Exercise prompt:
With the pictures left out, write out exactly the lines of the listing below that run from the line with "Элегантная женская модель" through the line with "3.4. NF2-EVs Enhance".

Data under study:
—————
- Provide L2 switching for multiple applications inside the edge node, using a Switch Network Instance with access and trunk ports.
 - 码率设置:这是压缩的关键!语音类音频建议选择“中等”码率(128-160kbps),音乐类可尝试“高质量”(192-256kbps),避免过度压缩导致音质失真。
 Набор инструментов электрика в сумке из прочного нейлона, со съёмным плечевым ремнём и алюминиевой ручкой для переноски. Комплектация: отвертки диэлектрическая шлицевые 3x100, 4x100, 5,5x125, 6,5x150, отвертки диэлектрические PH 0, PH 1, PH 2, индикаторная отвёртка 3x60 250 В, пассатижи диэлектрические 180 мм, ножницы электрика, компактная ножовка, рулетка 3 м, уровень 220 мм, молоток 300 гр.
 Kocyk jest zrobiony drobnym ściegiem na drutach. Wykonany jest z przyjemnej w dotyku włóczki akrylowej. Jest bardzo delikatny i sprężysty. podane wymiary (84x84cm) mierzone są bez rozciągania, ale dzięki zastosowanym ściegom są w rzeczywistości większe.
—————
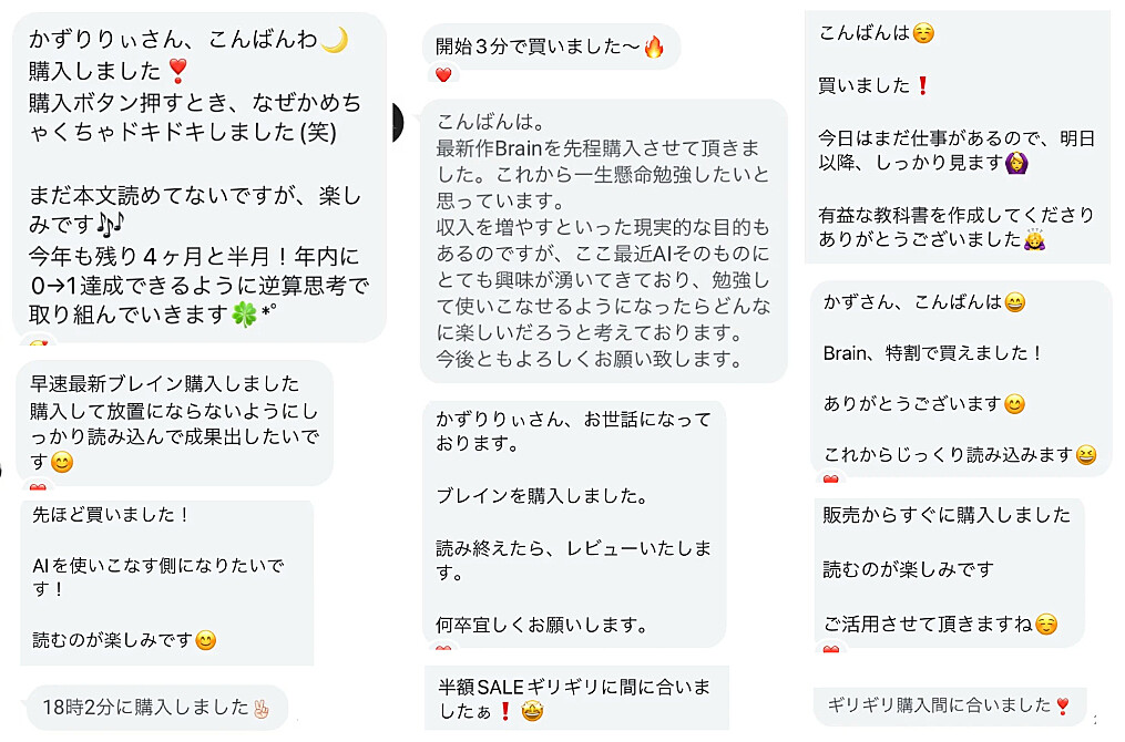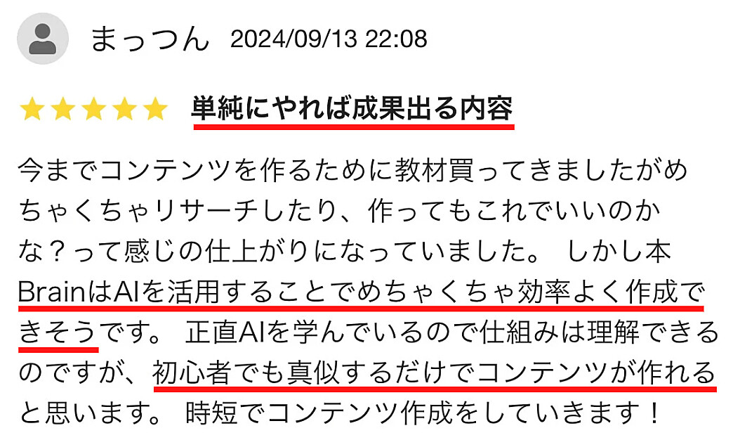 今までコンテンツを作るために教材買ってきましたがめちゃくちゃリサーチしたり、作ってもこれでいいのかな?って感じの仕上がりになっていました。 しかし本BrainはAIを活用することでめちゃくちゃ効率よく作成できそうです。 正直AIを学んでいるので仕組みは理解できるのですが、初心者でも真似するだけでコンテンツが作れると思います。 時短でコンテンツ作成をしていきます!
—————
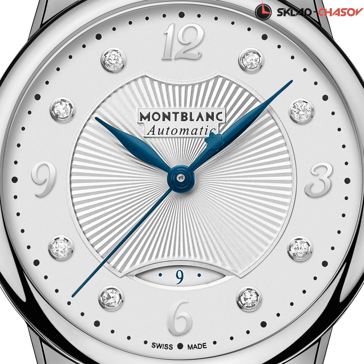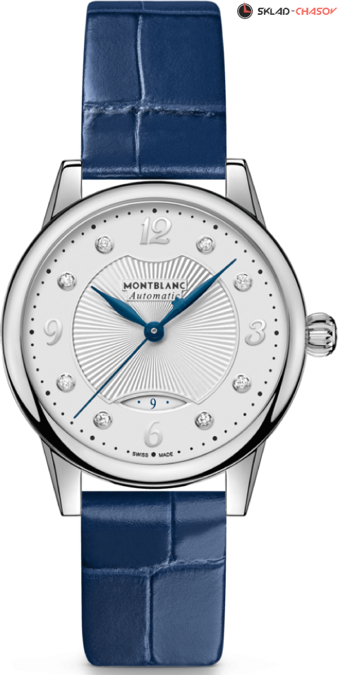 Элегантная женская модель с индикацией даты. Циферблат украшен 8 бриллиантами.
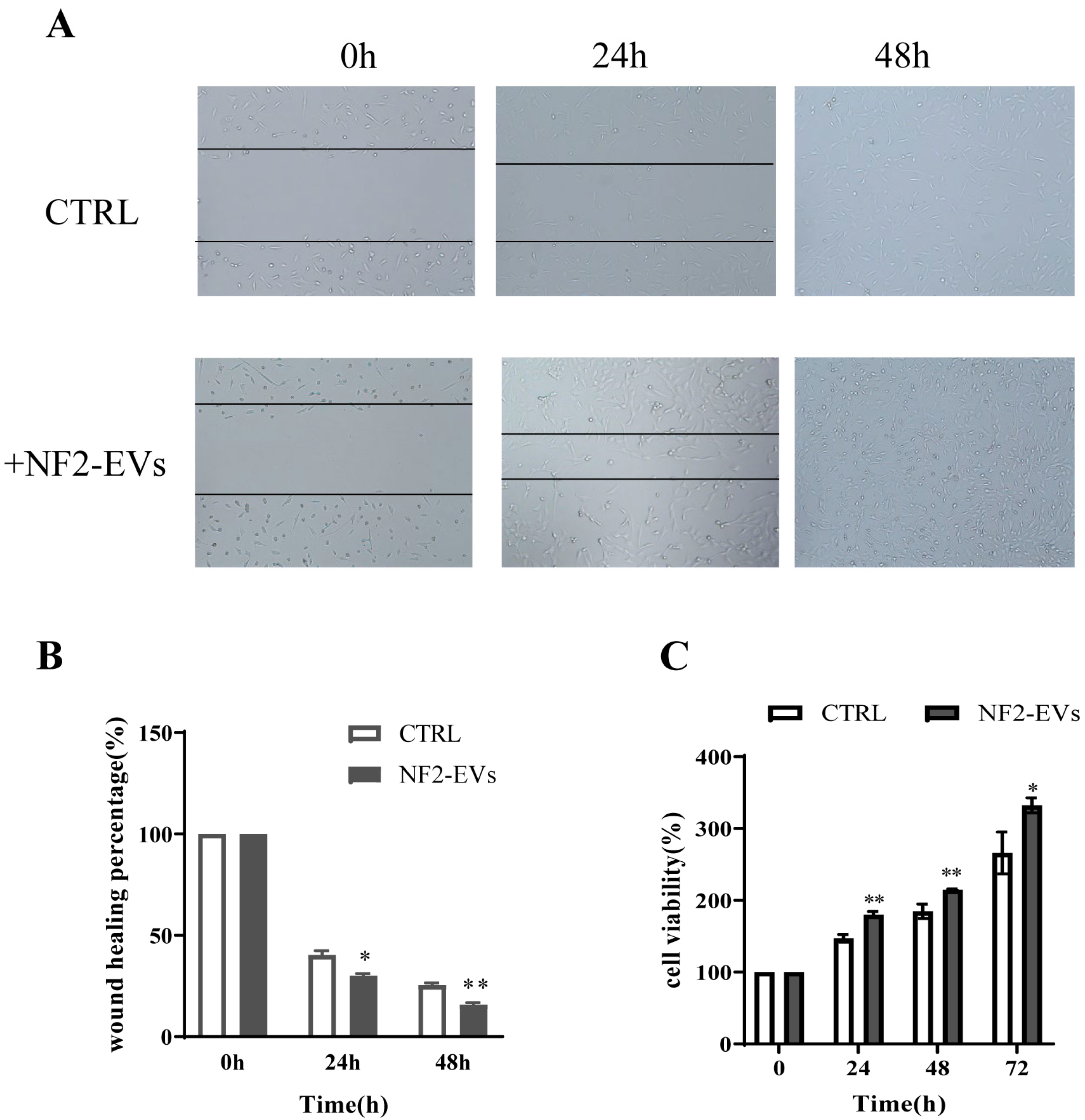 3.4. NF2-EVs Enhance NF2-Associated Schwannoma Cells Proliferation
—————
Response to the task:
 Элегантная женская модель с индикацией даты. Циферблат украшен 8 бриллиантами.
 3.4. NF2-EVs Enhance NF2-Associated Schwannoma Cells Proliferation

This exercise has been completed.